Ce lien avec le Congo s’exprime souvent, par exemple le 30 juin. Ce dimanche, c’est le 64e anniversaire de la fête de l’indépendance de mon pays natal. Cette année, ce jour à un goût amer, car je ne peux pas séparer le Congo du procès Wondo.

Il y a un mois, Jean-Jacques Wondo a été arrêté à Kinshasa et transféré à la prison militaire. Il est jugé, avec une cinquantaine d’autres personnes, pour avoir participé à la tentative de coup d’État présumée du 19 mai. Les personnes poursuivies risquent de longues peines de prison, voire la peine de mort.

Jean-Jacques est plus qu’un ami. Je le considère comme un grand frère. Nous nous sommes rencontrés il y a dix ans et nous avons tout de suite sympathisé en raison de notre intérêt commun : les questions sécuritaires au Congo. Je le connais comme une personne intelligente avec un grand cœur. Belge d’origine congolaise, criminologue, ancien élève de l’École royale militaire et expert militaire, dont les analyses critiques sont lues par des journalistes, des politiciens, des diplomates, des militaires et des chercheurs.

Au début de cette année, son expertise l’a amené à Kinshasa pour aider à réformer les services de sécurité civile à la demande de l’administration congolaise. Un acte de patriotisme, mais peut-être une erreur de calcul dans un pays où l’appareil sécuritaire est trop souvent un organe de répression.

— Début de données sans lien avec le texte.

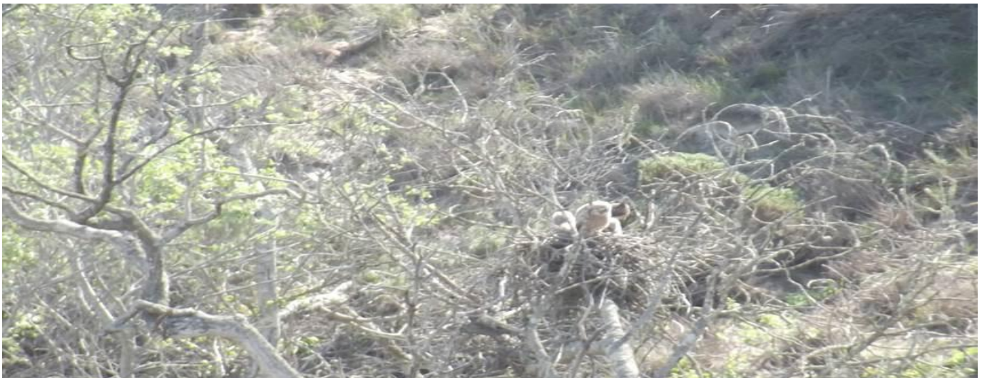
Great horned owl nestlings in cottonwood tree near the Q4 Borrow Site.

La dernière fois que j’ai vu Jean-Jacques, c’était deux semaines avant son arrestation. Il organisait une conférence avec l’Institut Egmont à l’AfricaMuseum. Ensuite, il est reparti au Congo. Je m’insurge contre l’absence d’indignation de l’opinion publique belge à l’égard de son procès. Qui se préoccupe de la présence d’un Belge dans une prison congolaise ? Où sont les interviews dans les médias et les actions des organisations de défense des droits de l’homme comme Amnesty et 11.11.11 ?

Je me demande s’il y aurait plus d’attention si Jean-Jacques était un homme blanc, comme Olivier Vandecasteele, pour lequel la Belgique a, à juste titre, remué ciel et terre pour le faire sortir d’Iran. Sur le papier, les Belges noirs ont les mêmes droits que les Belges blancs. Par exemple, ils ont droit à une protection consulaire en cas d’arrestation, de détention ou de maladie.

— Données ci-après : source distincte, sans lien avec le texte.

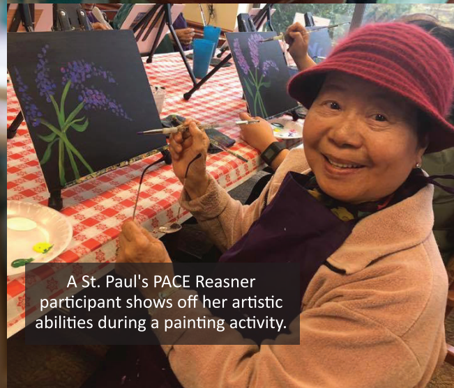
A St. Paul's PACE Reasner participant shows off her artistic abilities during a painting activity.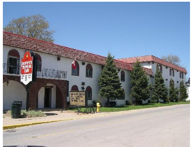
Duffy's Tavern and Motor Inn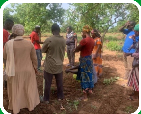
Plate 1.5: Training farmers on CA at Zoa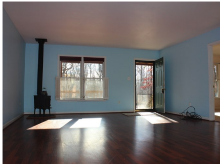
Great room with woodstove

Note the standing seam metal roof, one of the unusual quality features of this 3 bedroom, 2 bath cedar home. A ramp from the side door leads to the 2-car carport. The heat pump is only 3 years old, the wooded lot is nice & level, and this well-cared for home is only 2 miles to I-64 at Shannon Hill.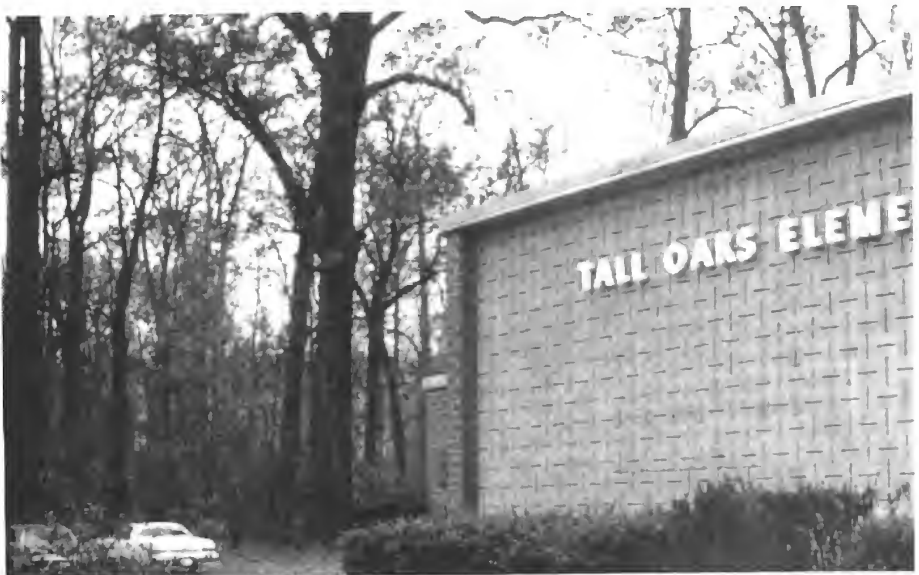
Fig. 1. North woods after removal of large trees.

Le ministère des Affaires étrangères affirme suivre la situation de très près par l’intermédiaire de l’ambassade de Belgique à Kinshasa. Que signifie concrètement ce langage diplomatique ? Selon l’avocat, il n’y a pas de charges sérieuses. La défense demande une mise en liberté provisoire pour des raisons de santé.

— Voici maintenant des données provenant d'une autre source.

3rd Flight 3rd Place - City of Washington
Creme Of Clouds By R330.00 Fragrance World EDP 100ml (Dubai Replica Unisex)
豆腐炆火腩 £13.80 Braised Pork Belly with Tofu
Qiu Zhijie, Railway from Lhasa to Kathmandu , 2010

Dans un État de droit, on attend le verdict du tribunal. Malheureusement, le Congo n’est pas un État de droit. La diplomatie belge le sait, mais ne veut peut-être pas donner l’impression de s’immiscer dans les affaires congolaises. Cependant, rien n’empêche le Premier ministre démissionnaire Alexander De Croo de contacter le président Félix Tshisekedi en concertation avec les ministres des Affaires étrangères et de la Justice et même l’ambassadrice dans l’intérêt de la protection d’un compatriote belge.

Une visite consulaire de la prison et une présence au procès ne suffiront pas. Jean-Jacques, diabétique et hypertendu, vit depuis un mois dans des conditions indignes.

Jean-Jacques a droit à un procès équitable. Il a droit à des conditions de détention décentes, à des médicaments, à une alimentation adéquate et à des contacts familiaux.

Certains interpréteront cette tribune comme un soutien à une attaque armée ou comme un appel contre la souveraineté du Congo. Je prends un risque en m’exprimant sur ce dossier délicat. C’est le moins que je puisse faire. Dans les moments difficiles, on apprend à connaître ses amis.

Derrière ce dossier, une famille en Belgique tente de rester forte. Sa femme, ses enfants et ses amis espèrent qu’il sera bientôt libéré. J’espère qu’il ne se brisera pas mentalement et physiquement.

Compte tenu de la gravité de la situation, la Belgique a le devoir de faire pression sur les autorités congolaises pour faire valoir les droits de Jean Jacques WONDO. Si son emprisonnement se termine mal, la responsabilité en incombera non seulement au Congo mais aussi à la diplomatie belge. Notre pays ne doit pas attendre une éventuelle condamnation pour s’indigner publiquement. La Belgique doit agir maintenant.